◆ **Exercise material**:
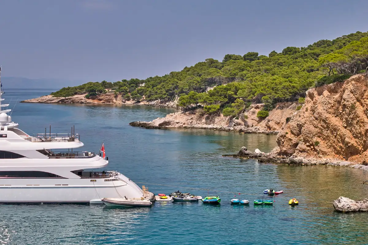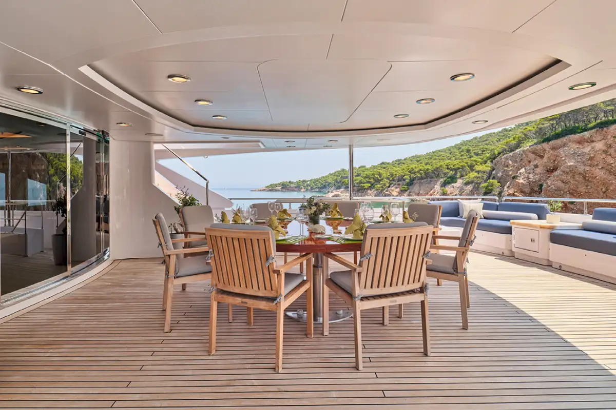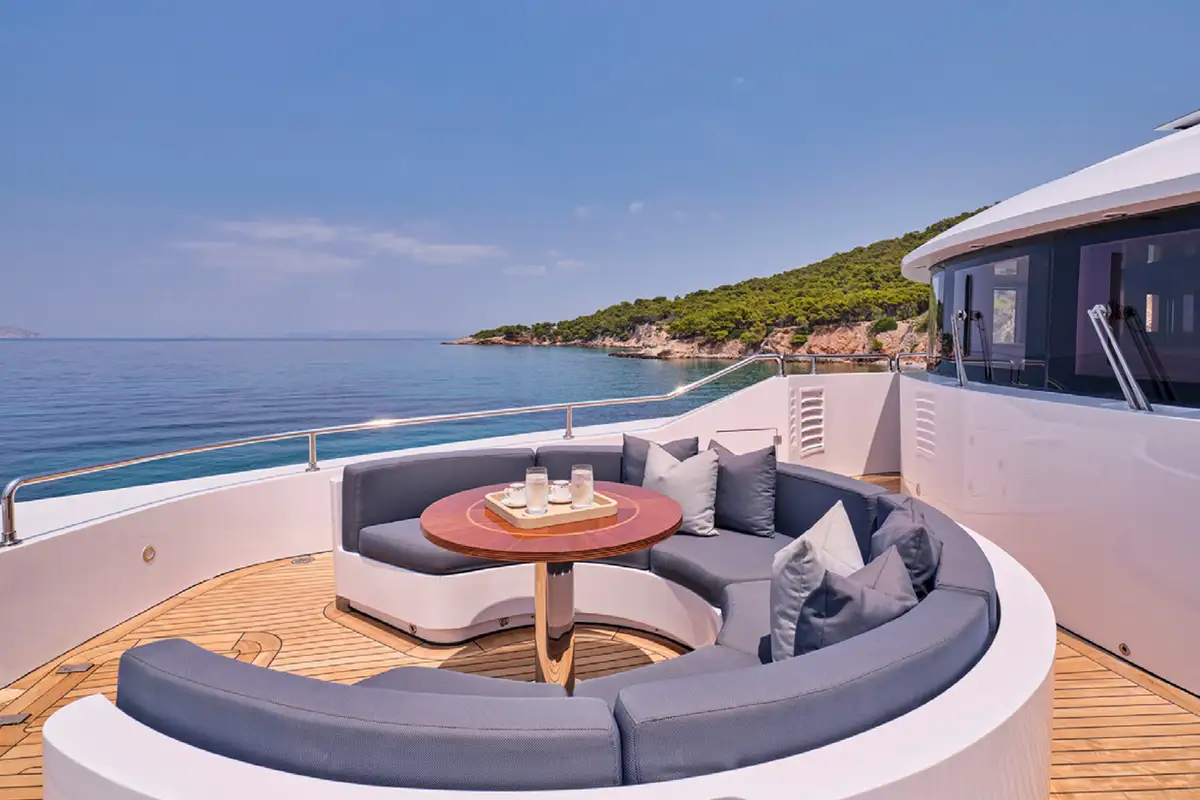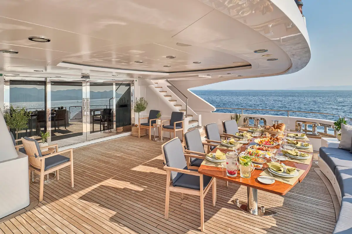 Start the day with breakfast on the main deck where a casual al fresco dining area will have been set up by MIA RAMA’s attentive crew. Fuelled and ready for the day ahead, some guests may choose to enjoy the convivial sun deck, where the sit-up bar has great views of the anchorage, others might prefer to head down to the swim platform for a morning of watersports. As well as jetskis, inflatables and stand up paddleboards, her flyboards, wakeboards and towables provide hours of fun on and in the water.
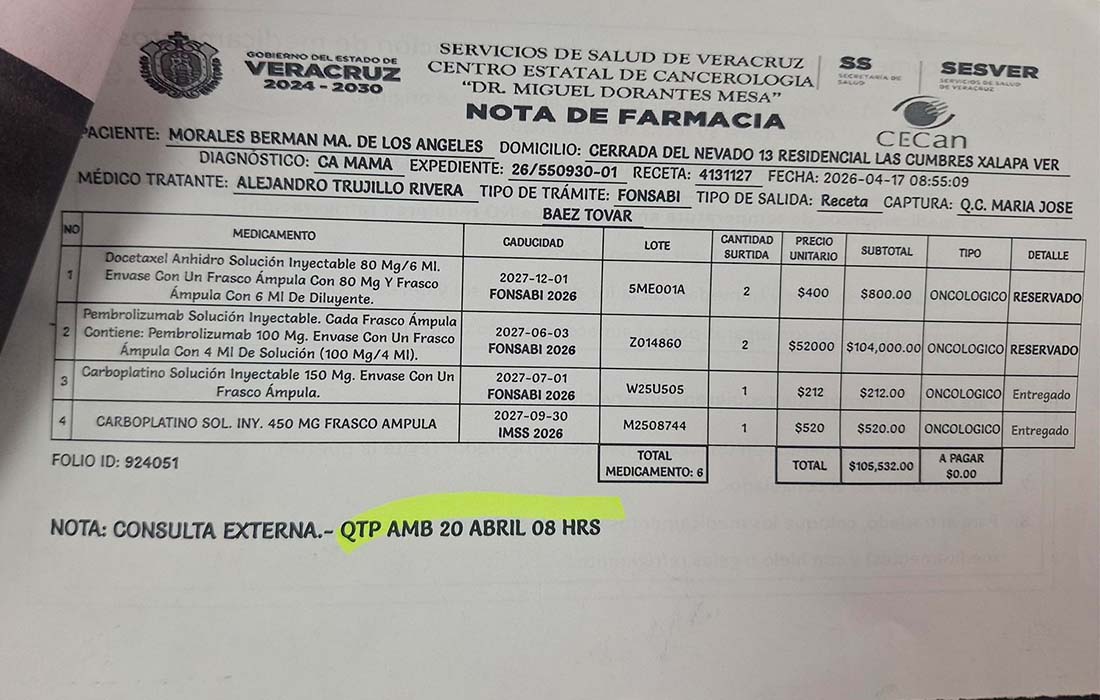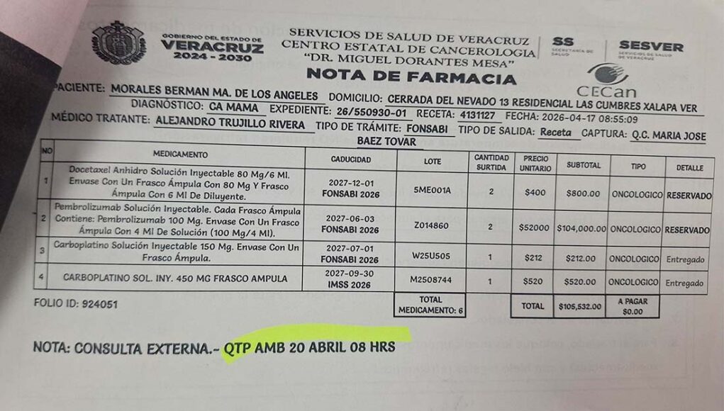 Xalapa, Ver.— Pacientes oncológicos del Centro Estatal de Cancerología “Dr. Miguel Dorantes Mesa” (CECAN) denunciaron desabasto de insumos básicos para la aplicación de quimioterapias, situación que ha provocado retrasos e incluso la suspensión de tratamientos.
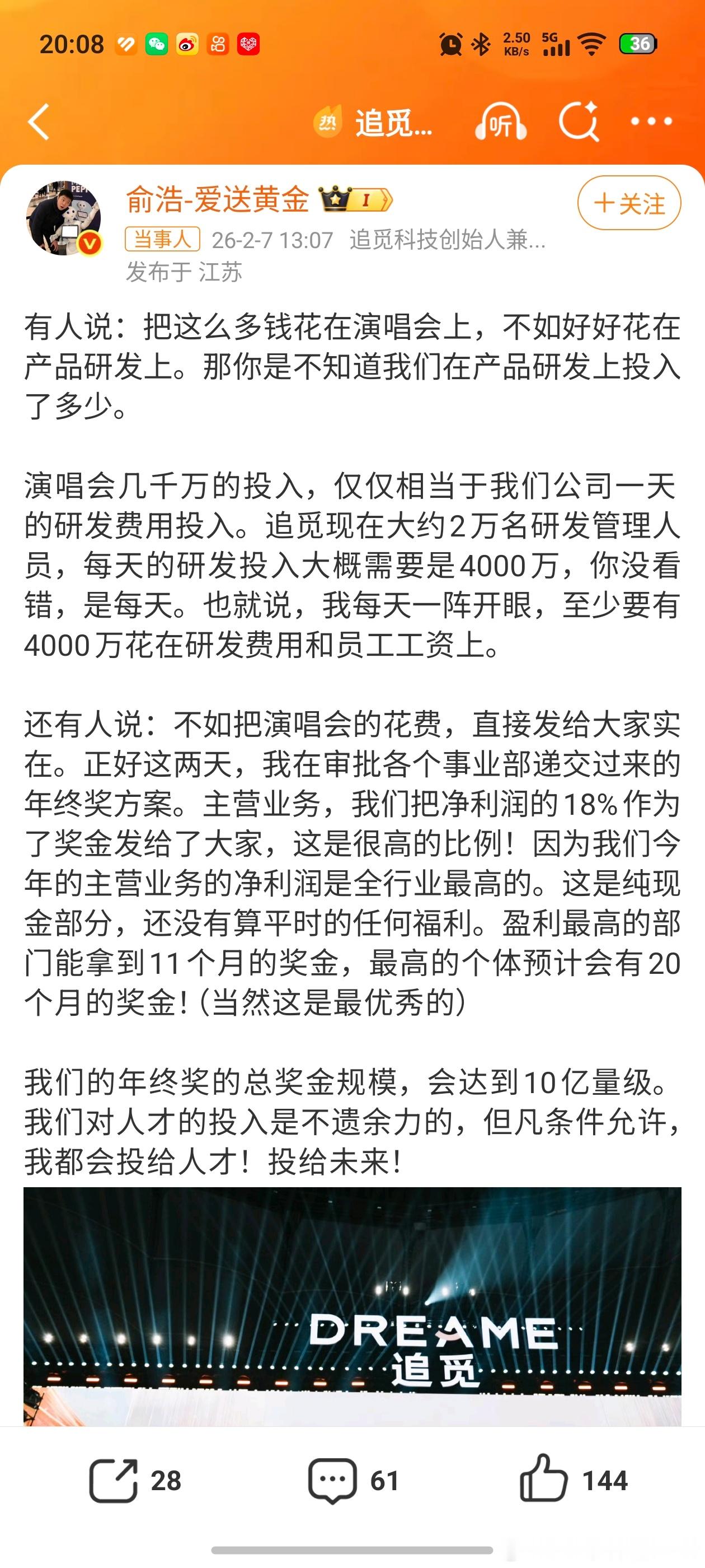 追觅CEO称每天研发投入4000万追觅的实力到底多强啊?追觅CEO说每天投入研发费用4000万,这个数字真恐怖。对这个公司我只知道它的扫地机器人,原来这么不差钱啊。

--

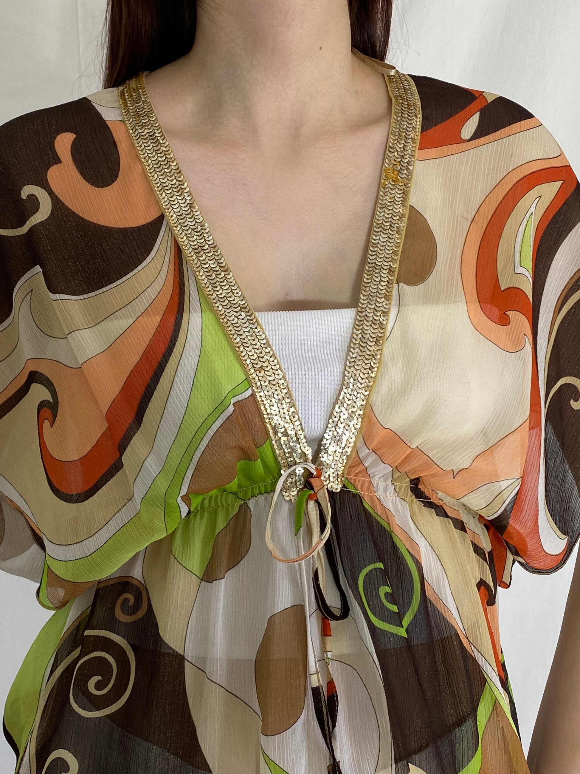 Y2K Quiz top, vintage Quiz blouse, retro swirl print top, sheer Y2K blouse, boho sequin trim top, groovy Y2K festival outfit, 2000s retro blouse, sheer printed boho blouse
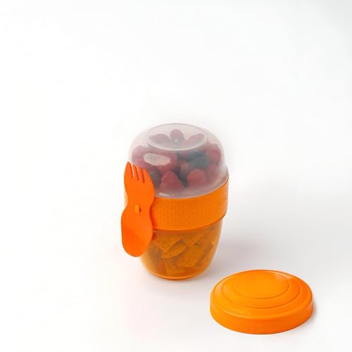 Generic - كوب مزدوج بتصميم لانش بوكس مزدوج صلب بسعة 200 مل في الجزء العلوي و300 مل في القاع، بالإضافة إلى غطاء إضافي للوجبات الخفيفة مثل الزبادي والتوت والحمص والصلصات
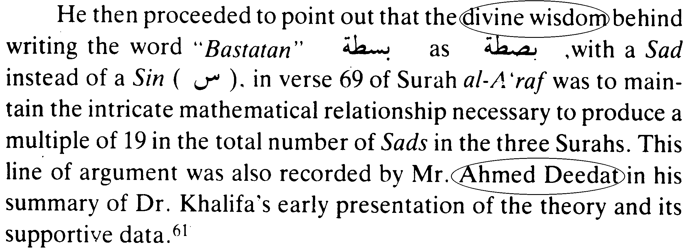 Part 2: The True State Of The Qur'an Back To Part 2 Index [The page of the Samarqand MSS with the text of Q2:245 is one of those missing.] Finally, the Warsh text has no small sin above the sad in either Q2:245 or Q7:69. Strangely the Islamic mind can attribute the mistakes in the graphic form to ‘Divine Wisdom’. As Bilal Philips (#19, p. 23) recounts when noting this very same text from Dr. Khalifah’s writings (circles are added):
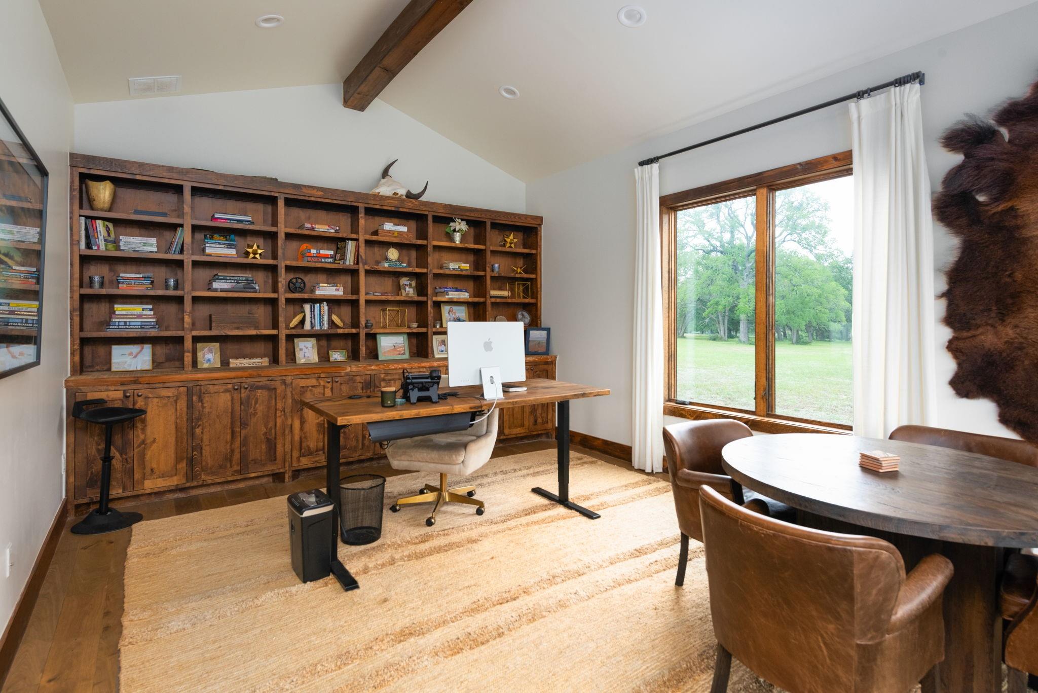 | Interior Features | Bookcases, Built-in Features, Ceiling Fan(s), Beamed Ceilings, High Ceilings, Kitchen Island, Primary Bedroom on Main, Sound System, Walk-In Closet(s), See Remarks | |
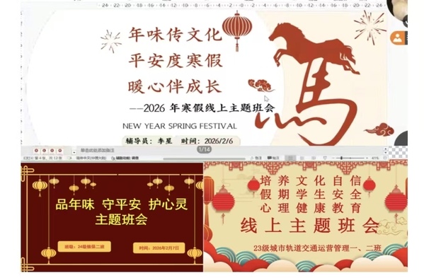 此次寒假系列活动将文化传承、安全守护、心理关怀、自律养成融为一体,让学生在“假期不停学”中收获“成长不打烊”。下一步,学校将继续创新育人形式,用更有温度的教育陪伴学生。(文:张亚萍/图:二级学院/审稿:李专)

◆ **Required work**: Those lines of the records above that run from the one containing "Generic - كوب" through the one containing "此次寒假系列活动将文化传承、" should be returned exactly, with no pictures among them.

◆ **Task solution**:
 Generic - كوب مزدوج بتصميم لانش بوكس مزدوج صلب بسعة 200 مل في الجزء العلوي و300 مل في القاع، بالإضافة إلى غطاء إضافي للوجبات الخفيفة مثل الزبادي والتوت والحمص والصلصات
 Part 2: The True State Of The Qur'an Back To Part 2 Index [The page of the Samarqand MSS with the text of Q2:245 is one of those missing.] Finally, the Warsh text has no small sin above the sad in either Q2:245 or Q7:69. Strangely the Islamic mind can attribute the mistakes in the graphic form to ‘Divine Wisdom’. As Bilal Philips (#19, p. 23) recounts when noting this very same text from Dr. Khalifah’s writings (circles are added):
 | Interior Features | Bookcases, Built-in Features, Ceiling Fan(s), Beamed Ceilings, High Ceilings, Kitchen Island, Primary Bedroom on Main, Sound System, Walk-In Closet(s), See Remarks | |
 此次寒假系列活动将文化传承、安全守护、心理关怀、自律养成融为一体,让学生在“假期不停学”中收获“成长不打烊”。下一步,学校将继续创新育人形式,用更有温度的教育陪伴学生。(文:张亚萍/图:二级学院/审稿:李专)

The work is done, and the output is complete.